▶ _Problem description_:
Copy out each line of the material in which the word "wire" appears.

▶ _Supplied information_:
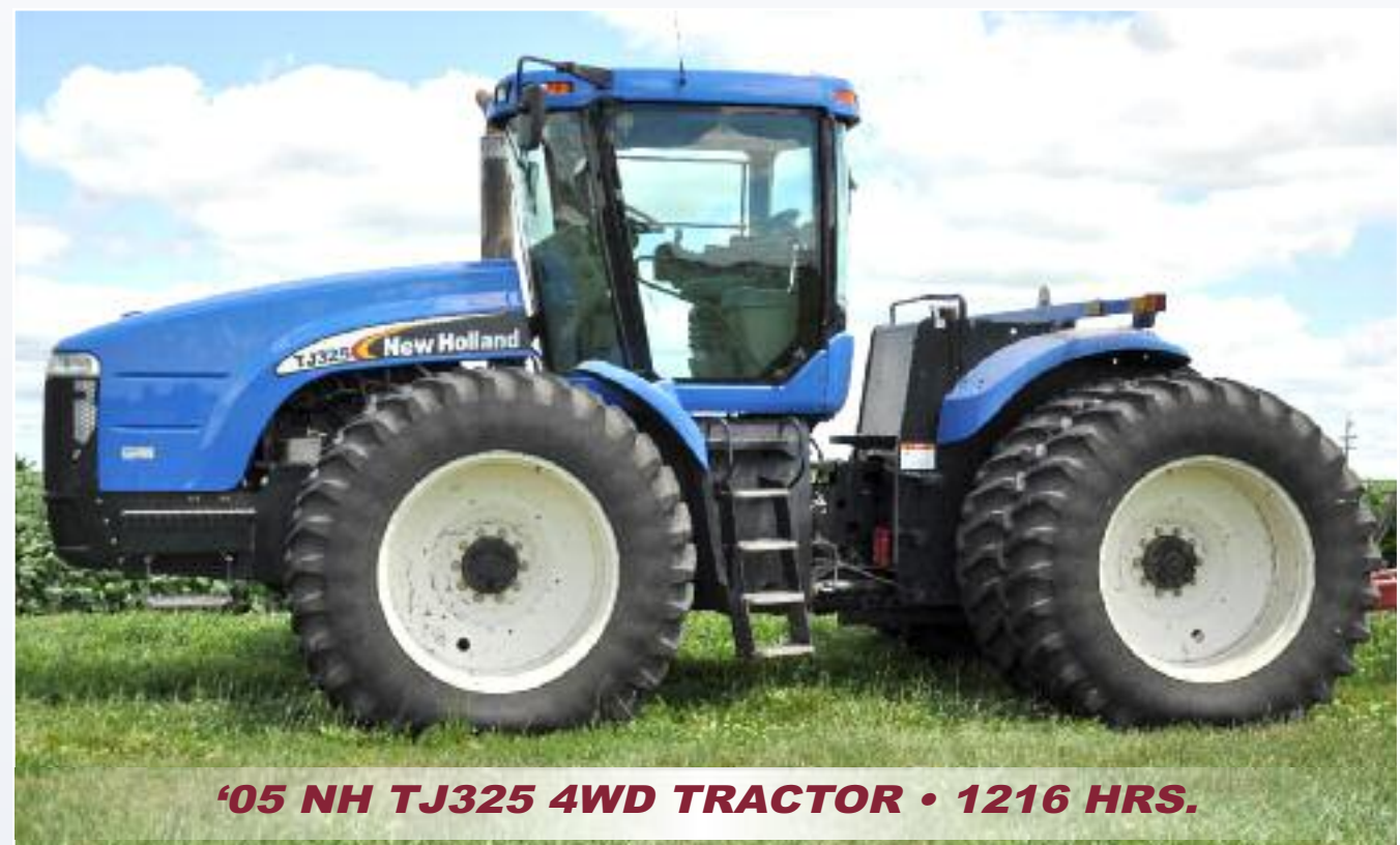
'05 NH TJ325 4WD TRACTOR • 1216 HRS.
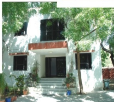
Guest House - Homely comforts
==
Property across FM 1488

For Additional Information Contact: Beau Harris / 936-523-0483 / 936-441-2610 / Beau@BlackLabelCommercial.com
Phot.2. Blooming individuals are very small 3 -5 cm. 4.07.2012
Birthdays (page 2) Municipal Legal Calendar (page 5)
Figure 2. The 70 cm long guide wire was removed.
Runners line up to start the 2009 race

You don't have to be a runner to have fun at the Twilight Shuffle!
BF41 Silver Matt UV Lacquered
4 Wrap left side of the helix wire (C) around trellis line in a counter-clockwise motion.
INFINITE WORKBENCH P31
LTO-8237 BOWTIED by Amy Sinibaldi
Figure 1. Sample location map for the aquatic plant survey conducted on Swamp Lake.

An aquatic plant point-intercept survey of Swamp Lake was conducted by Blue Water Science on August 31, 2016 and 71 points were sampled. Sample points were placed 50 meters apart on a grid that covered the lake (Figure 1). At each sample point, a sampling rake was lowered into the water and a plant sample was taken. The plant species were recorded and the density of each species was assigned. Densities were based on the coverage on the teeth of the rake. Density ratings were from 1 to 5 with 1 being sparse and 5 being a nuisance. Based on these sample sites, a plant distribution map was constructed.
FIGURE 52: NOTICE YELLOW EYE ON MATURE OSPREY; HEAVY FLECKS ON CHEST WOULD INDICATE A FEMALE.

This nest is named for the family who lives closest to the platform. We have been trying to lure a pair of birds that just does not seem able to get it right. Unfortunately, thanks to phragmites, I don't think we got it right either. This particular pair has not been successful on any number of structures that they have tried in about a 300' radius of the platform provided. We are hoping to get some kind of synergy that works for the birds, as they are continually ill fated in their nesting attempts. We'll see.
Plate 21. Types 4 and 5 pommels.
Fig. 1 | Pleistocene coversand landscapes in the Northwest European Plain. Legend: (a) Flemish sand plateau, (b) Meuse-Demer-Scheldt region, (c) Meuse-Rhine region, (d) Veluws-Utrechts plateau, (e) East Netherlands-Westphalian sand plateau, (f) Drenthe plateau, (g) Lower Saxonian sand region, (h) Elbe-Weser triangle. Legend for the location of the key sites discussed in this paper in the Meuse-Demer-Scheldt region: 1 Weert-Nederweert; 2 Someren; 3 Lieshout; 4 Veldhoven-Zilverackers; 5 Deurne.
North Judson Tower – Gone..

▶ _Output of the exercise_:
Figure 2. The 70 cm long guide wire was removed.
4 Wrap left side of the helix wire (C) around trellis line in a counter-clockwise motion.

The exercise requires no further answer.